We know that when my aunt Kay visits a website and thinks it feels _cheap_ or
_just doesn't hang together_ or _seems like it's not safe to give my credit
card to_ ; it's because they used tired stock photography and their web copy
is in three different voices, or that their copy leading and margins are
inconsistent, or that they have no design language or brand focus.

Real people don't pick it apart like that because they don't care, don't have
the talent to do so, won't acquire the skill to do so or a mix of all three.
However, WE do think like this.

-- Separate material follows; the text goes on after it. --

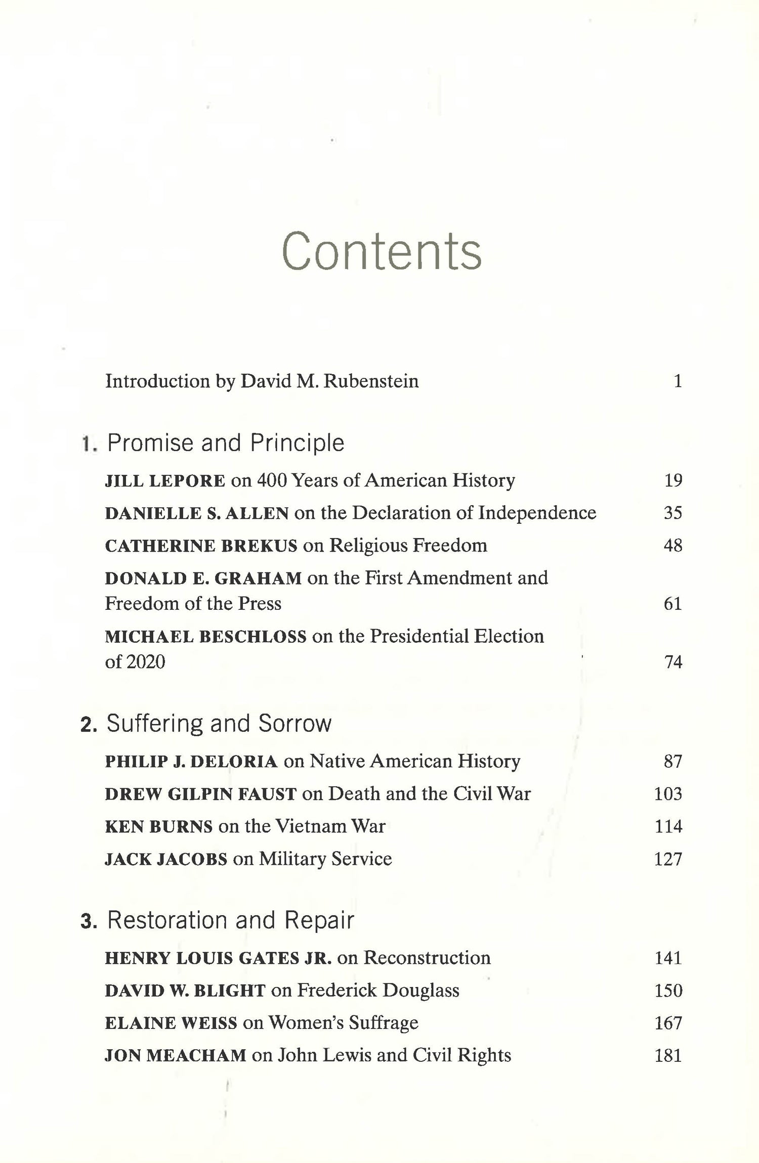 In this lively collection of conversations—the third in a series from David Rubenstein—some of our nations’ greatest minds explore the inspiring story of America as a grand experiment in democracy, culture, innovation, and ideas.

And the fact that most people don't think like
this is why all six of us still have jobs after five years.

Also relevant: [http://wademeredith.com/2010/12/your-customers-care-about-
de...](http://wademeredith.com/2010/12/your-customers-care-about-design-even-
if-they-dont/)

------
Stormbringer
In the real world, _people hate advertising_.

This is why as an app developer I am deeply sceptical about Google's model.
Okay, so the consumer saves a buck, but then you chip away at their goodwill
every time you show an ad. And note, when you're showing an ad, to make it
effective you have to make it intrusive, you either have to lock them out of
the free functionality for a while or you need to make it eye-catching.

I don't know anyone that said "I'm so glad Google bought Youtube and plastered
ads all over the videos".

 _People hate advertising_ so much they will go out of their way to avoid it.

In economic terms, as an app developer the way I see it is that free+ads is
really just burning up my user's good will to enrich Google. The more I annoy
my customers like this, the less likely they are to recommend my app. To the
extent that it is less than a zero-sum game... it's not just an even 50:50
trade-off between for pay and ad-supported.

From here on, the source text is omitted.